Take the lines in the listing below from the line with "Spacious and extended" up to and including the line with "Teacher) ประจำภาคเรียนที่ 2" and set them down exactly, skipping pictures and adding nothing.

| Data shown |

= = =

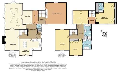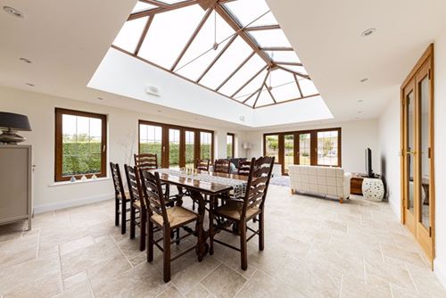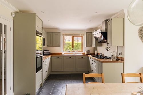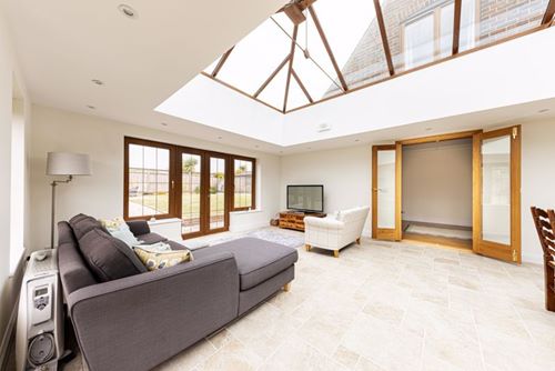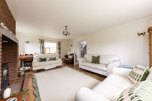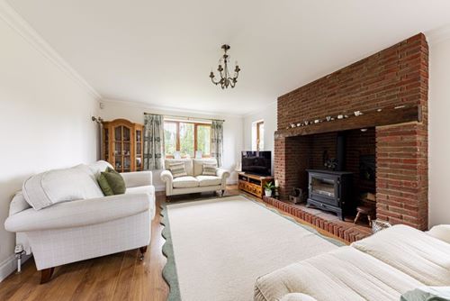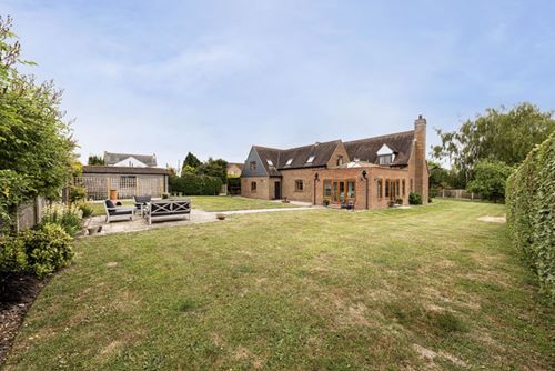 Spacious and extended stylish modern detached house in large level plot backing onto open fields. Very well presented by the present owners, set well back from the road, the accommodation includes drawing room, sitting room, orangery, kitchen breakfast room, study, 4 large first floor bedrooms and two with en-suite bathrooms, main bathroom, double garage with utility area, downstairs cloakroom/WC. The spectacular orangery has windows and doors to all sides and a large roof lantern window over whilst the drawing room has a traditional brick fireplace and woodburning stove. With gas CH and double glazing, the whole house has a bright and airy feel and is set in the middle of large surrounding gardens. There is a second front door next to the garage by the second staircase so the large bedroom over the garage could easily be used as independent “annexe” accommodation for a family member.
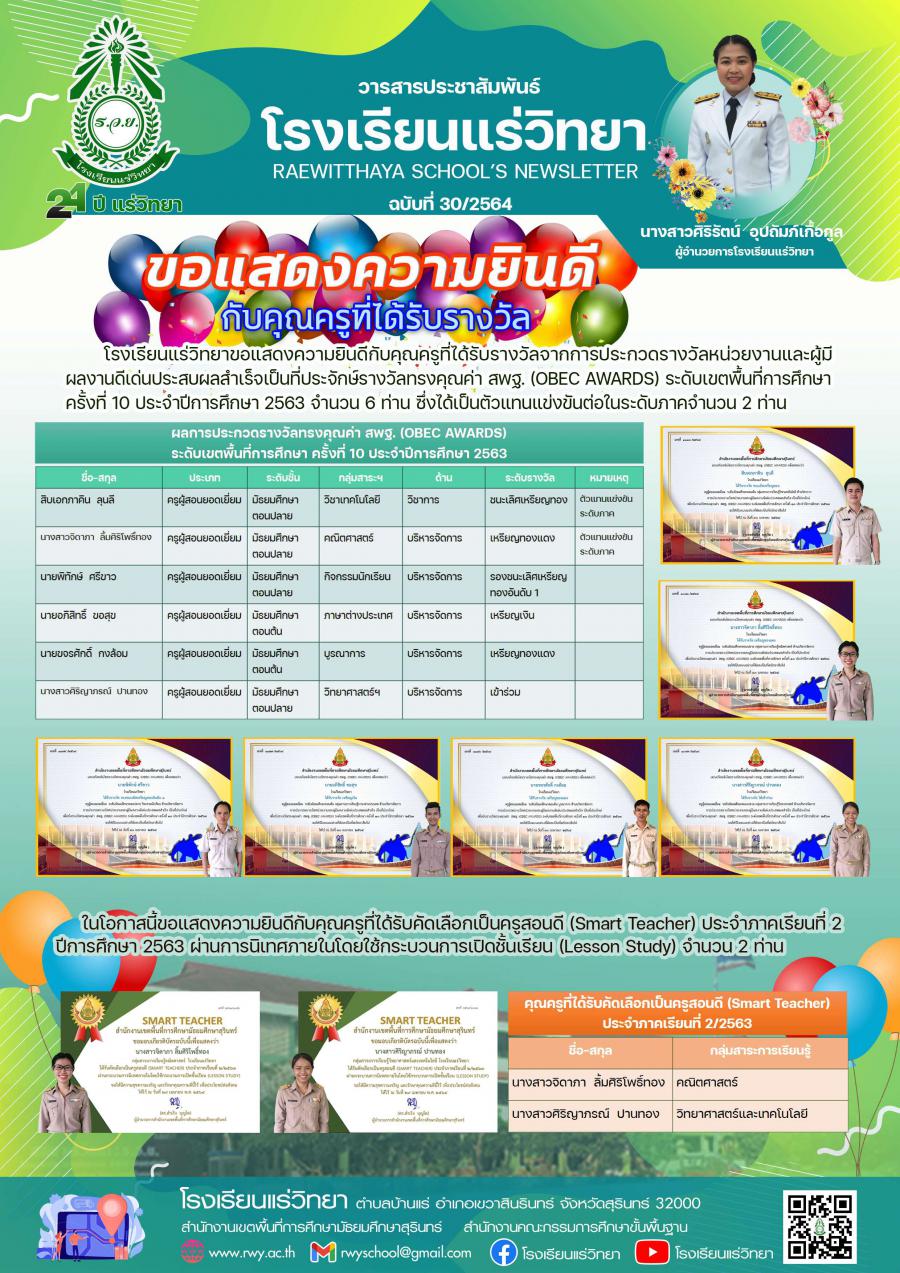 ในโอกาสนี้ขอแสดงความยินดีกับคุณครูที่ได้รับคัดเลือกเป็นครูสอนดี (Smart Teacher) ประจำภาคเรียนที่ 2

= = =

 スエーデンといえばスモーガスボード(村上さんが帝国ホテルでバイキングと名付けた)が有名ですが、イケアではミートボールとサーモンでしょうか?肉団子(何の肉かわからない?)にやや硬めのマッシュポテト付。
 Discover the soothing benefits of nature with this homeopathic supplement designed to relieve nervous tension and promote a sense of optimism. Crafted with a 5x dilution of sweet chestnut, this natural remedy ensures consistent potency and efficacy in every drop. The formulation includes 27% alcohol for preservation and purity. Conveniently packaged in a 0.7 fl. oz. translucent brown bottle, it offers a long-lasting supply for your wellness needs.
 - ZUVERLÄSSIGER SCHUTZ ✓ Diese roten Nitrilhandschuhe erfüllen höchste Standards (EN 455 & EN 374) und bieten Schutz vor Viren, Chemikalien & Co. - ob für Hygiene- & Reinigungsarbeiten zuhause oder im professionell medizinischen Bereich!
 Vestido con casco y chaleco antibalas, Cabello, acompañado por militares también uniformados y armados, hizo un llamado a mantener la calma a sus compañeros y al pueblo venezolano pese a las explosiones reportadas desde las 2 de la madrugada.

= = =

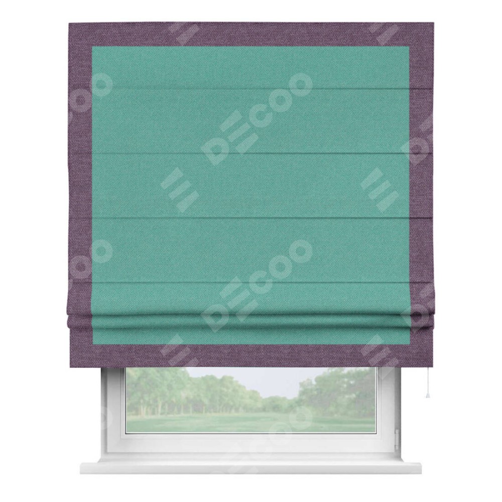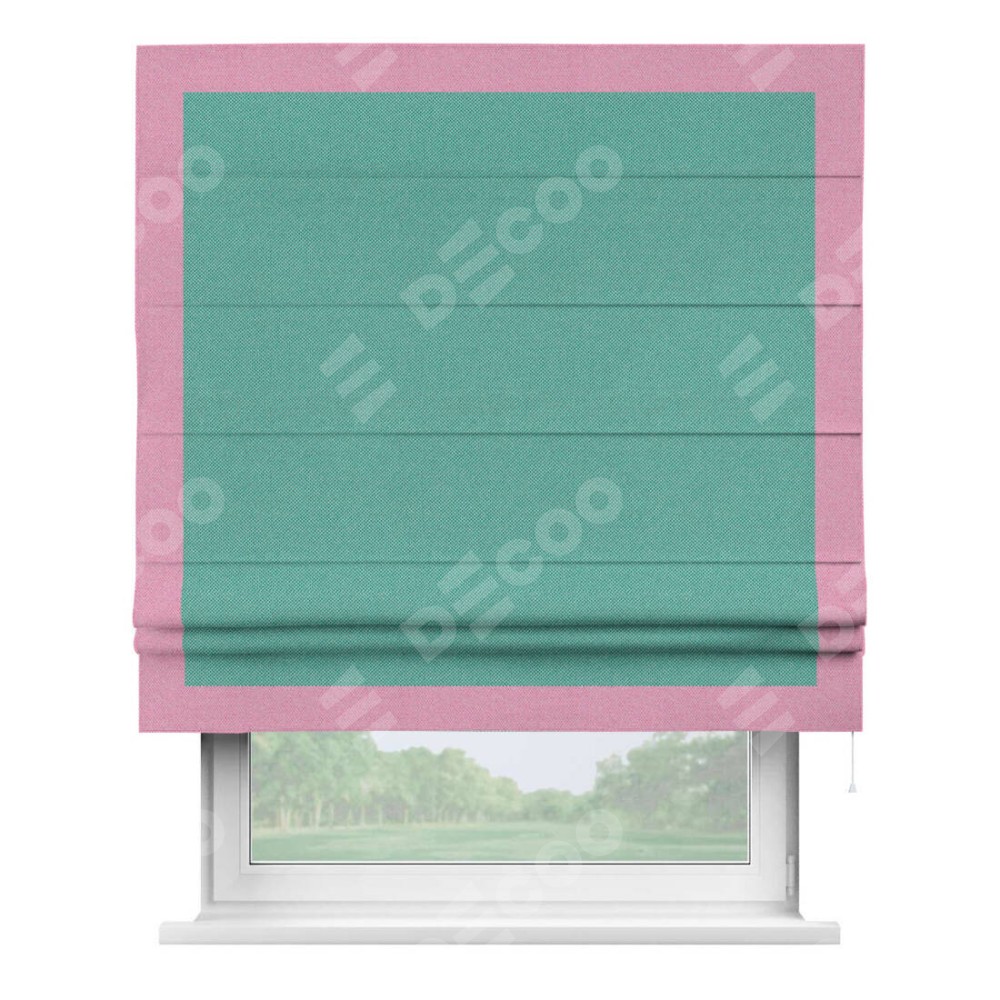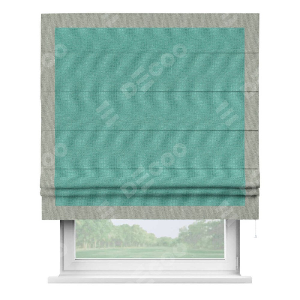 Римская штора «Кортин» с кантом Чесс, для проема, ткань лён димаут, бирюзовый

= = =

| Result for this task |
 Spacious and extended stylish modern detached house in large level plot backing onto open fields. Very well presented by the present owners, set well back from the road, the accommodation includes drawing room, sitting room, orangery, kitchen breakfast room, study, 4 large first floor bedrooms and two with en-suite bathrooms, main bathroom, double garage with utility area, downstairs cloakroom/WC. The spectacular orangery has windows and doors to all sides and a large roof lantern window over whilst the drawing room has a traditional brick fireplace and woodburning stove. With gas CH and double glazing, the whole house has a bright and airy feel and is set in the middle of large surrounding gardens. There is a second front door next to the garage by the second staircase so the large bedroom over the garage could easily be used as independent “annexe” accommodation for a family member.
 ในโอกาสนี้ขอแสดงความยินดีกับคุณครูที่ได้รับคัดเลือกเป็นครูสอนดี (Smart Teacher) ประจำภาคเรียนที่ 2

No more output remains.